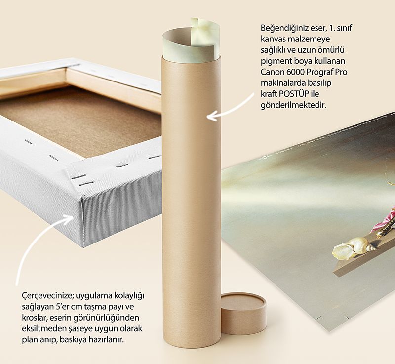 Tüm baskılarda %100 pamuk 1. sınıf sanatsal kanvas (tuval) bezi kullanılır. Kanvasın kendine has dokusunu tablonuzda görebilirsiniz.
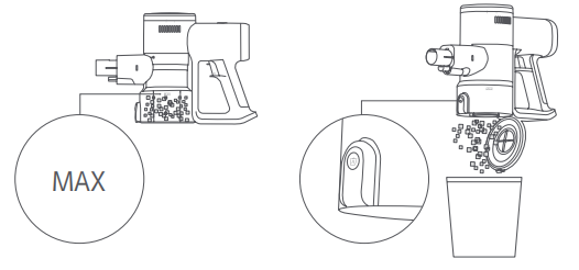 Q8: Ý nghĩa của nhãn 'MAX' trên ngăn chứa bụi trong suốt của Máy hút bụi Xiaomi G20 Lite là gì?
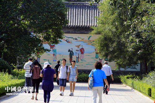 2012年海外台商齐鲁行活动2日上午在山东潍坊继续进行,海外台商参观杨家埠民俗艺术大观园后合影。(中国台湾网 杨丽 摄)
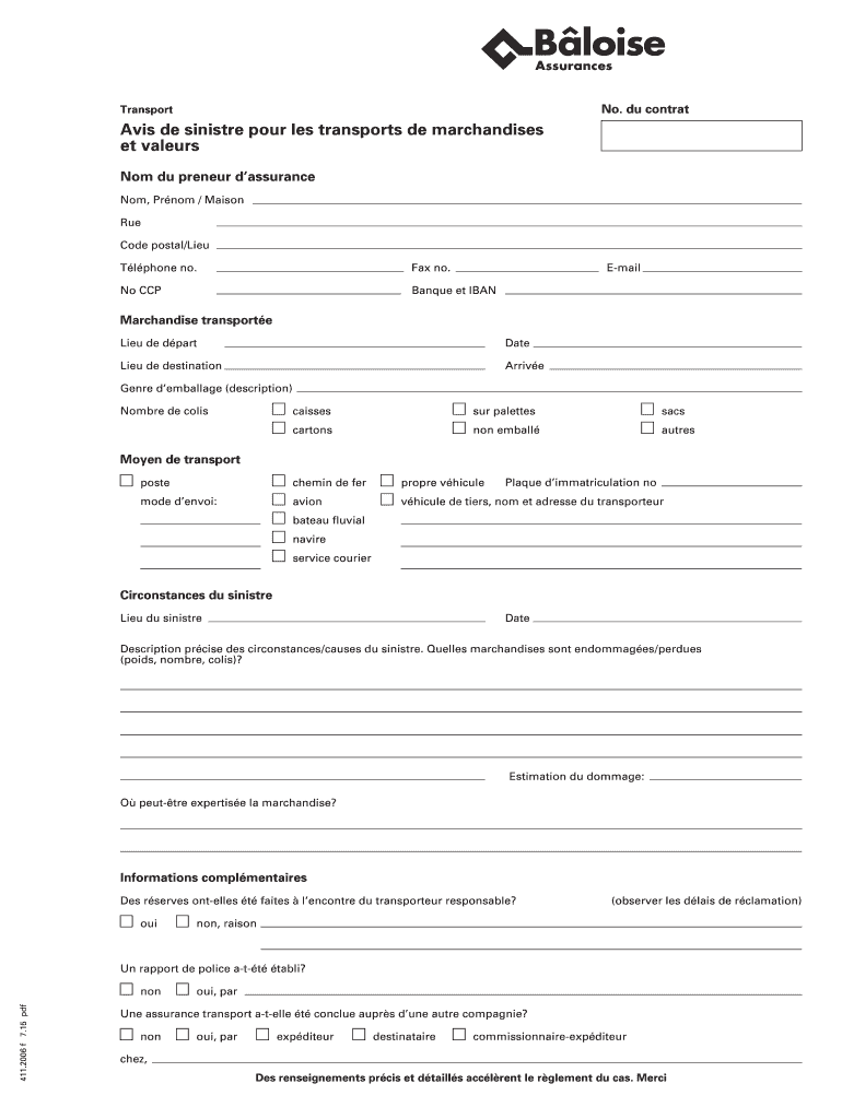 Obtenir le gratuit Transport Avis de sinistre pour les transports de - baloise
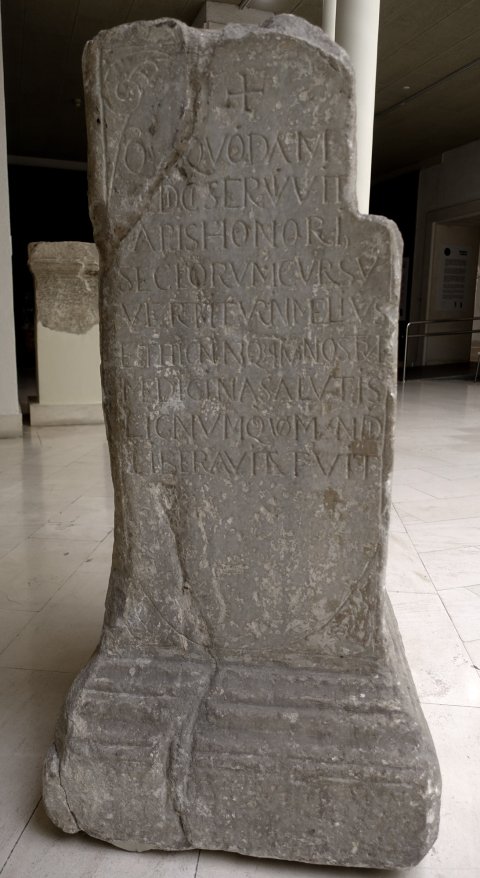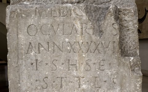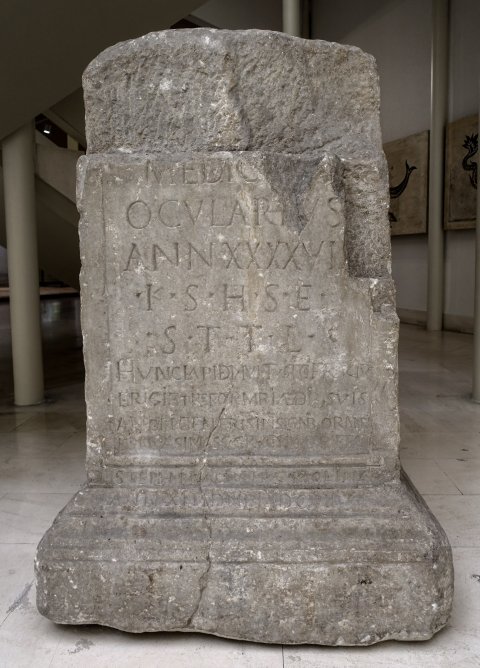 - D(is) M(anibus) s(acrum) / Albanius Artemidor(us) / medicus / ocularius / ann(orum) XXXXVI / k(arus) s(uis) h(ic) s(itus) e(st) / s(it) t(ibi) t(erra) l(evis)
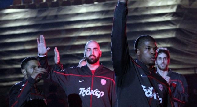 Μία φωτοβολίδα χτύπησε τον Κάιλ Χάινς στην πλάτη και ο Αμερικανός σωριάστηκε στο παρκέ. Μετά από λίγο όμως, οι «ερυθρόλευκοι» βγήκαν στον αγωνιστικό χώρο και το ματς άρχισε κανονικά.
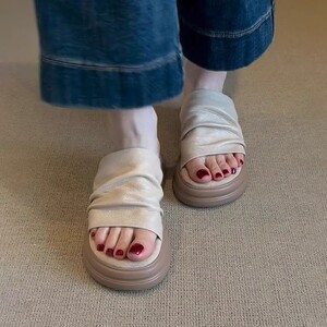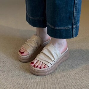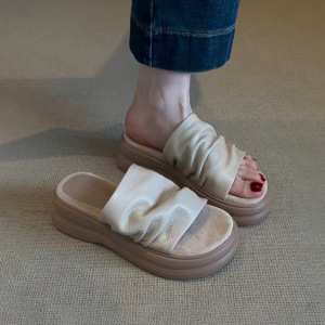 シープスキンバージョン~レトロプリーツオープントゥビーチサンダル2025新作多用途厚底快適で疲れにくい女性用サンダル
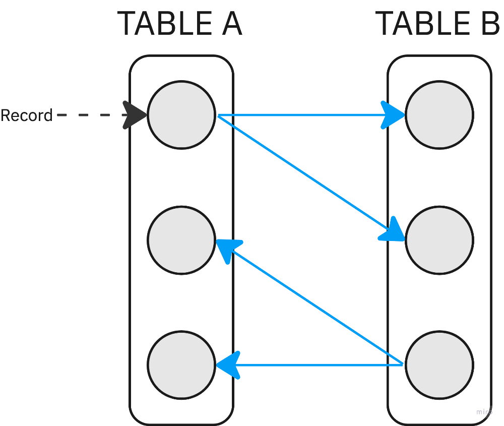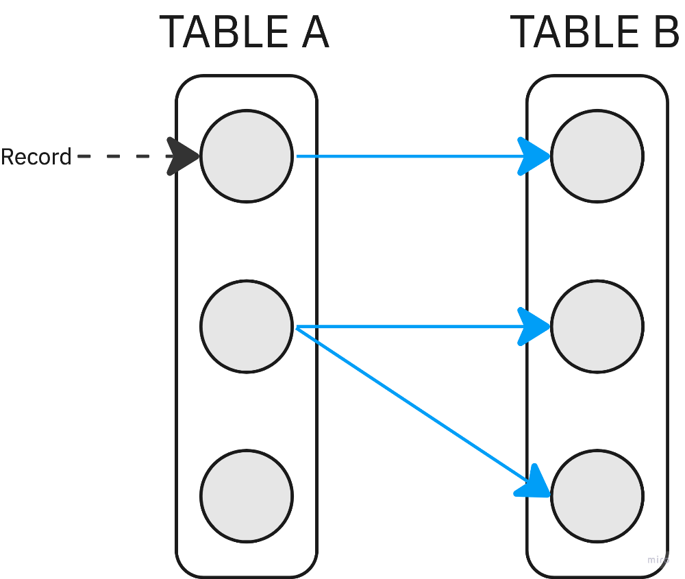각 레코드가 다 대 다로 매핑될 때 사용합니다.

***

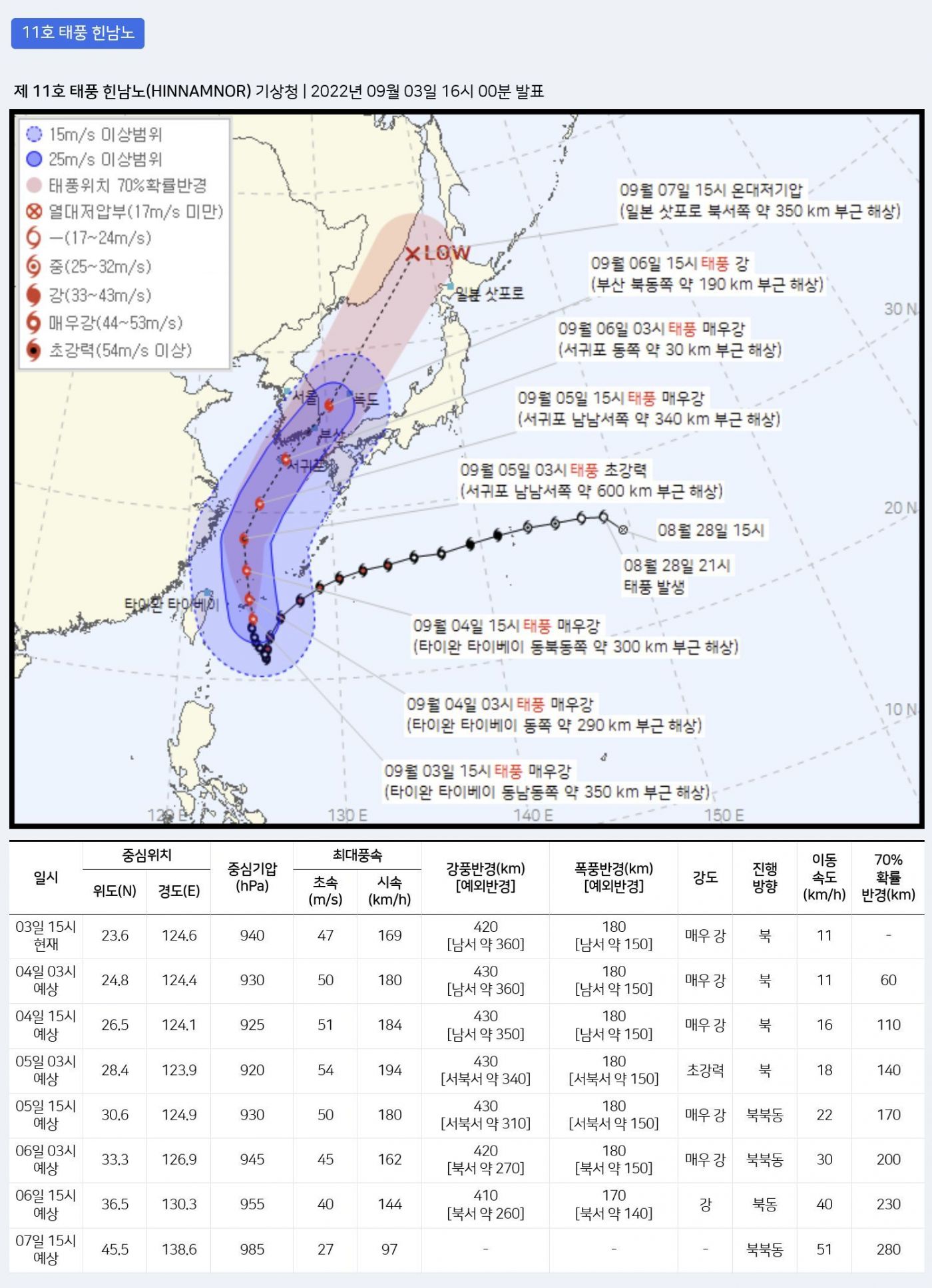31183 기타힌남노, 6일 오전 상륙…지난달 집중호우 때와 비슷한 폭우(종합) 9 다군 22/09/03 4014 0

***

* EXERCISE *
With the pictures removed, print only the lines starting at the line that has "Tüm baskılarda %100" and ending at the line that has "각 레코드가 다 대 다로 매핑될 때 사용합니다.", both ends included, exactly as they stand above.

* EXERCISE ANSWER *
 Tüm baskılarda %100 pamuk 1. sınıf sanatsal kanvas (tuval) bezi kullanılır. Kanvasın kendine has dokusunu tablonuzda görebilirsiniz.
 Q8: Ý nghĩa của nhãn 'MAX' trên ngăn chứa bụi trong suốt của Máy hút bụi Xiaomi G20 Lite là gì?
 2012年海外台商齐鲁行活动2日上午在山东潍坊继续进行,海外台商参观杨家埠民俗艺术大观园后合影。(中国台湾网 杨丽 摄)
 Obtenir le gratuit Transport Avis de sinistre pour les transports de - baloise
 - D(is) M(anibus) s(acrum) / Albanius Artemidor(us) / medicus / ocularius / ann(orum) XXXXVI / k(arus) s(uis) h(ic) s(itus) e(st) / s(it) t(ibi) t(erra) l(evis)
 Μία φωτοβολίδα χτύπησε τον Κάιλ Χάινς στην πλάτη και ο Αμερικανός σωριάστηκε στο παρκέ. Μετά από λίγο όμως, οι «ερυθρόλευκοι» βγήκαν στον αγωνιστικό χώρο και το ματς άρχισε κανονικά.
 シープスキンバージョン~レトロプリーツオープントゥビーチサンダル2025新作多用途厚底快適で疲れにくい女性用サンダル
각 레코드가 다 대 다로 매핑될 때 사용합니다.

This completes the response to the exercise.